La scienza e la tecnica, da sempre strumenti di dominio nelle mani di caste militari ed economiche, hanno aperto al proprio interno possibilità alternative di evoluzione sociale, spesso poco indagate, che dobbiamo sviluppare, scegliendo tecniche e concezioni alternative ed appropriate alla realtà sociale in cui si applicano, seguendo le indicazioni interessanti forniteci da Feyerabend.

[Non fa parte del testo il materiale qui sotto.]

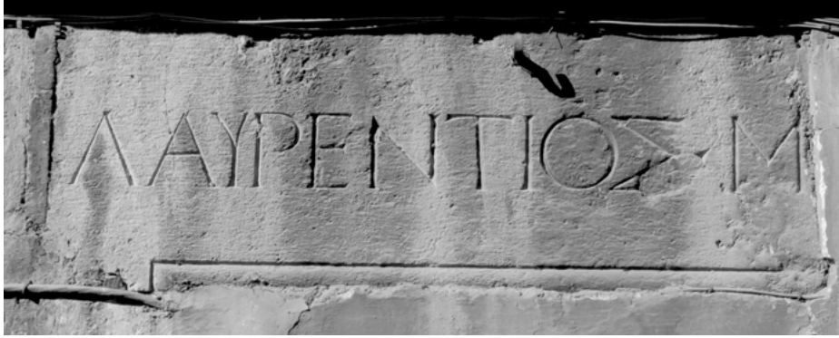
Abb. 3: Inschrift im Erdgeschoß, Rom, «Casa Manlio»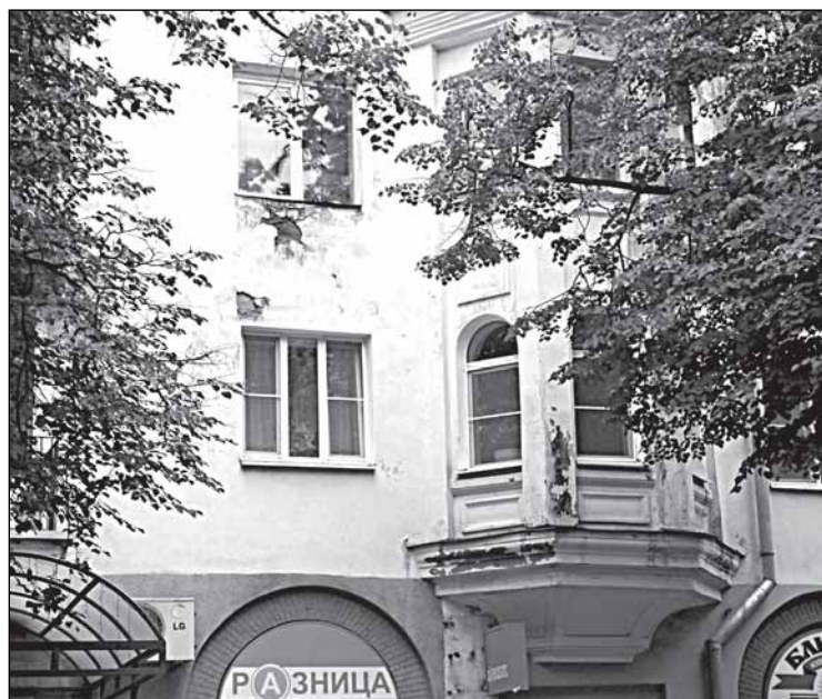
Великий Новгород, Людогоща, 10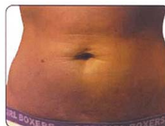
ETTER 6 mnd. bruk av Marine Matrix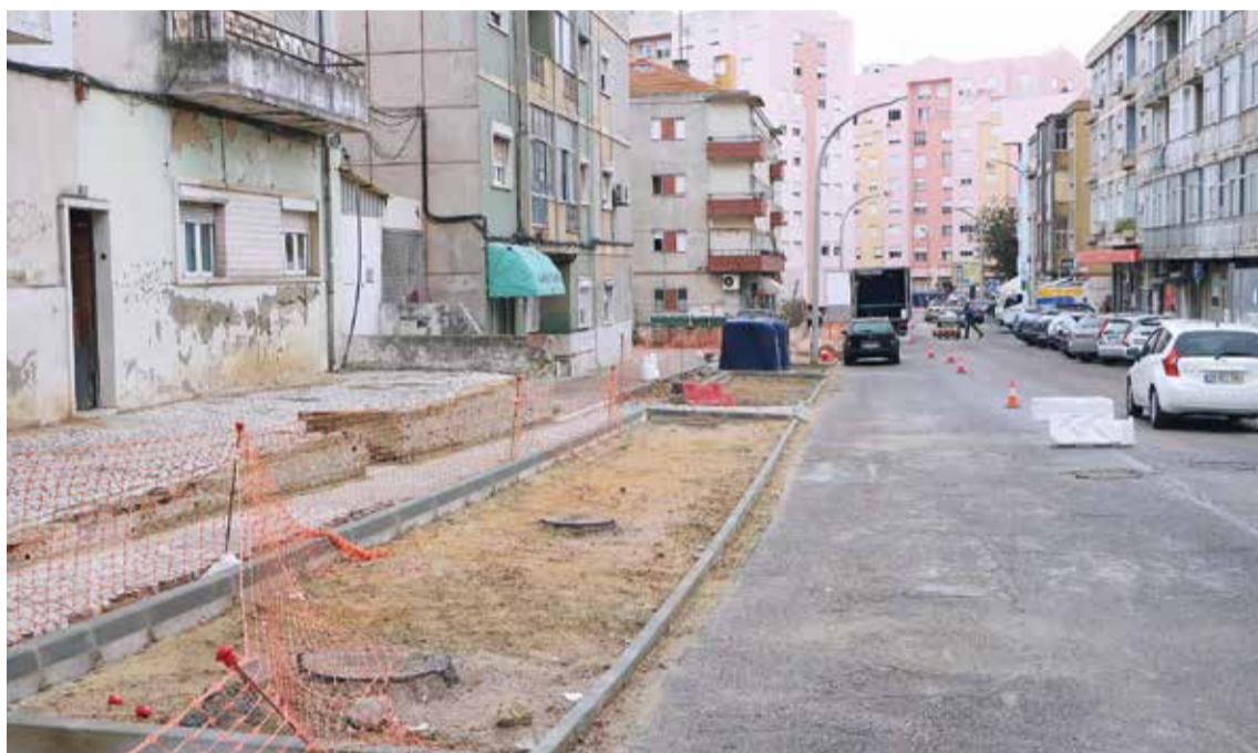
A obra de requalificação urbana deve ficar concluída no primeiro trimestre do próximo ano

A Rua da Camarinha está a ser intervencionada numa obra executada pela Junta de Freguesia de São Sebastião, em parceria com a Câmara Municipal de Setúbal, para aumentar a qualidade urbana, com primazia para o usufruto público. A operação em curso no Bairro da Camarinha, um investimento de cerca de 140 mil euros, reforça a mobilidade, com a renovação de pavimentos e a eliminação de barreiras arquitetónicas, o que permite a criação de áreas de circulação mais acessíveis, com zonas de estadia e ensombramento.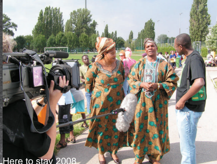
Here to stay 2008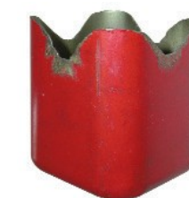
Test de la tasse carrée

Possiamo alla fin fine individuare i semi della società ecologica non solo in un processo di crescita delle opposizioni sociali, ma anche nelle potenzialità creative, tecniche e produttive, espresse da parti della società, ma che sono spesso negate e rimosse, se non brutalmente represse dal dominio capitalista.
Dobbiamo scegliere in questo frangente storico: o mettere una pezza qua e una là al disastro ambientale, o approfondire una riflessione ecologica che dalla natura passi alla società, superando quei dualismi cartesiani che hanno tenuto separati per secoli gli elementi di un unico processo evolutivo, che hanno aperto aporie piuttosto che chiuderle in una visione organica.
Parliamo dei dualismi tra natura e società, tra mente e corpo, tra etica ed economia, tra specie e classi, tra Stato e giustizia, tra libertà e necessità.
Agire sul territorio, sulla città, assume a nostro avviso una valenza più forte di qualunque imbellettamento ambientalistico. E riflettere su tali questioni diventa un elemento importante per definire nel prossimo futuro le forme sociali, politiche ed economiche che organizzeranno il cambiamento.